Document(page_content='The Great GatsbybyF. Scott Fitzgerald\n\nTable of Contents\n\n\nI\n\n\nII\n\n\nIII\n\n\nIV\n\n\nV\n\n\nVI\n\n\nVII\n\n\nVIII\n\n\nIX\n\n\n\n\n\r\nOnce again\r\nto\r\nZelda\r\n\n\n\n\n\nThen wear the gold hat, if that will move her;\n\nIf you can bounce high, bounce for her too,\n\nTill she cry “Lover, gold-hatted, high-bouncing lover,\n\nI must have you!”\n\n\nThomas Parke d’Invilliers\n\n\n\n\nI\n\r\nIn my younger and more vulnerable years my father gave me some advice that I’ve been turning over in my mind ever since.\r\n\n\r\n“Whenever you feel like criticizing anyone,” he told me, “just remember that all the people in this world haven’t had the advantages that you’ve had.”', metadata={'source': 'local', 'start_index': 2})

### Index the documents

In [48]:
from langchain_community.vectorstores import Chroma
from langchain_community.embeddings import HuggingFaceEmbeddings

embeddings = HuggingFaceEmbeddings(model_name="all-MiniLM-L6-v2")
# Equivalent to SentenceTransformerEmbeddings(model_name="all-MiniLM-L6-v2")
vectorstore = Chroma.from_documents(documents=all_splits, embedding=embeddings)

## Similarity based retrieval

In [49]:
retriever = vectorstore.as_retriever(search_type="similarity", search_kwargs={"k": 6})

In [50]:
retrieved_docs = retriever.invoke("")
print(retrieved_docs[0].page_content)

With fenders spread like wings we scattered light through half Astoria—only half, for as we twisted among the pillars of the elevated I heard the familiar “jug-jug-spat!” of a motorcycle, and a frantic policeman rode alongside.


“All right, old sport,” called Gatsby. We slowed down. Taking a white card from his wallet, he waved it before the man’s eyes.


“Right you are,” agreed the policeman, tipping his cap. “Know you next time, Mr. Gatsby. Excuse me!”


“What was that?” I inquired. “The picture of Oxford?”


“I was able to do the commissioner a favour once, and he sends me a Christmas card every year.”


### Q&A Text Generation

In [73]:
from langchain_core.prompts import PromptTemplate
import torch
from transformers import pipeline
from langchain.llms import HuggingFacePipeline
from langchain_core.output_parsers import StrOutputParser
from langchain_core.runnables import RunnablePassthrough


def format_docs(docs):
    return "\n\n".join(doc.page_content for doc in docs)

# HuggingFace Pipeline
generate_text = pipeline(model="databricks/dolly-v2-3b", torch_dtype=torch.bfloat16,
                         trust_remote_code=True, device_map="auto", return_full_text=True)

## Langchain pipeline
llm = HuggingFacePipeline(pipeline=generate_text)

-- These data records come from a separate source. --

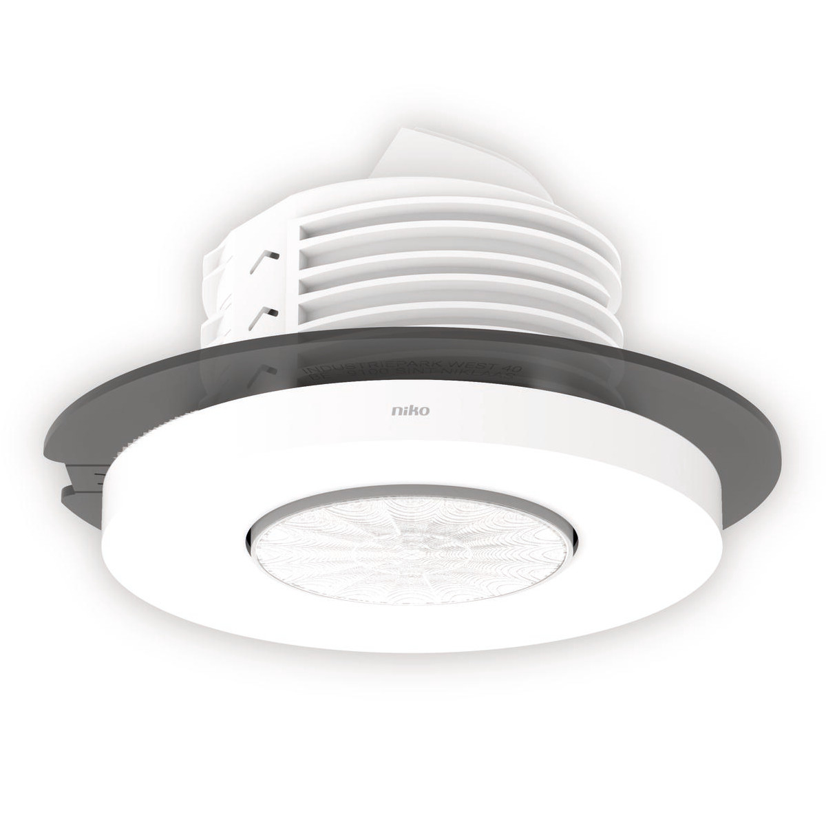 Sensoren har et fladt og diskret design, der passer ind i ethvert interiør. Farven kan let ændres til sort ved at udskifte afdækningsringen.
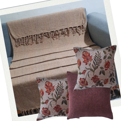 Este kit oferece uma combinação harmoniosa de manta e almofadas em flora colorido ideal para dar um toque aconchegante e elegante ao seu ambiente.
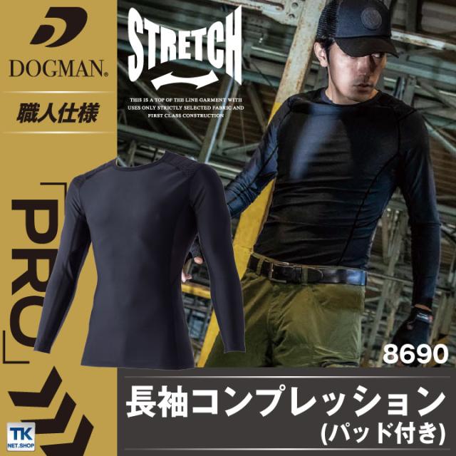 長袖コンプレッション 春夏 インナー DOGMAN ストレッチ 吸汗速乾 接触冷感 消臭テープ 作業服 現場服 ワークウェア chusan 長袖 インナーシャツ ネコポス cs-8690
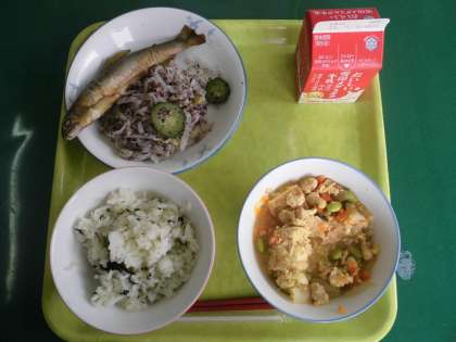 今日の給食はマーボー豆腐がメインです。でも本校はデザートが付きました。
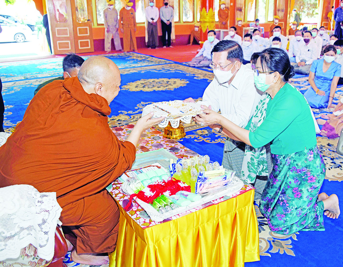 ဦးစွာ ဆရာတော်ကြီး၏ ကျန်းမာရေးဆိုင်ရာ များနှင့် ဘာသာရေးဆိုင်ရာတို့ကို မေးမြန်းလျှောက် ထားပြီး လှူဖွယ်ပစ္စည်းများ ဆက်ကပ်လှူဒါန်း သည်။ ထို့နောက် သီရိရတနာဆွမ်းစားကျောင်းဆောင် တော်အတွင်း၌ မန်ဆူရှမ်းကျောင်းတိုက်ရှိ စာသင် သားသံဃာတော်အပါး ၁၀၀ နှင့် မန်ဆူရှမ်းကျောင်း တိုက်ဆရာတော်ကြီးအမှူးပြုသည့်သံဃာတော်များအား ဆွမ်းလောင်းလှူကာနေ့ဆွမ်းဆက်ကပ် လှူဒါန်းခဲ့ကြောင်း သတင်းရရှိသည်။
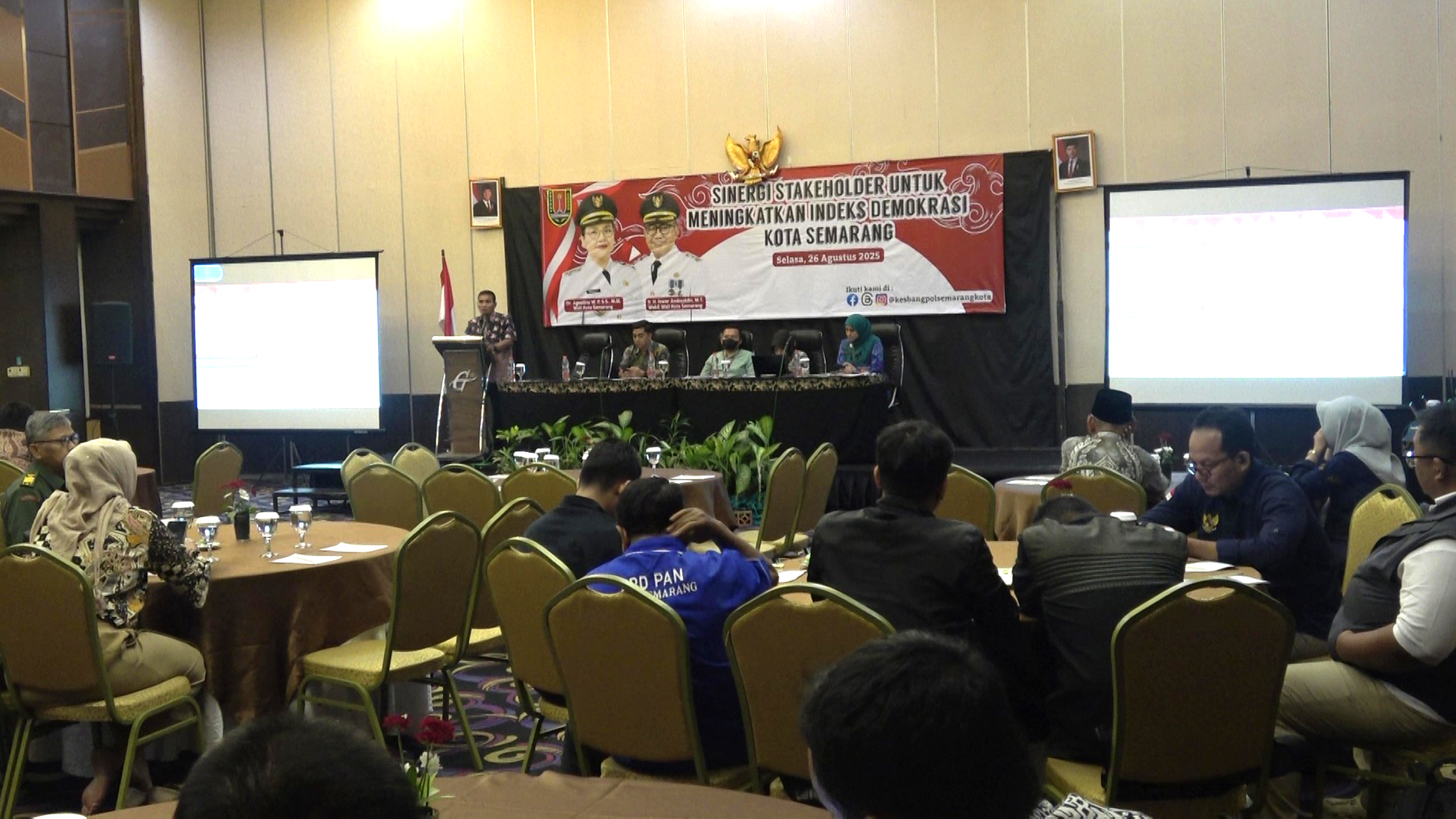 Acara yang dihadiri puluhan peserta dari unsur pemerintah, lembaga pendidikan, dan tokoh masyarakat ini membahas strategi peningkatan Indeks Demokrasi Kota Semarang agar tetap berada pada kategori sangat baik.

template = """You are an assistant for question answering task.Use the following pieces of context to answer the question at the end.
If you don't know the answer, just say that you don't know, don't try to make up an answer.
Use three sentences maximum and keep the answer as concise as possible.
Always say "thanks for asking!" at the end of the answer.

{context}

Question: {question}

Helpful Answer:"""
custom_rag_prompt = PromptTemplate.from_template(template)

rag_chain = (
    {"context": retriever | format_docs, "question": RunnablePassthrough()}
    | custom_rag_prompt
    | llm
    | StrOutputParser()
)

%time rag_chain.invoke("Where did the accident happen?")

Special tokens have been added in the vocabulary, make sure the associated word embeddings are fine-tuned or trained.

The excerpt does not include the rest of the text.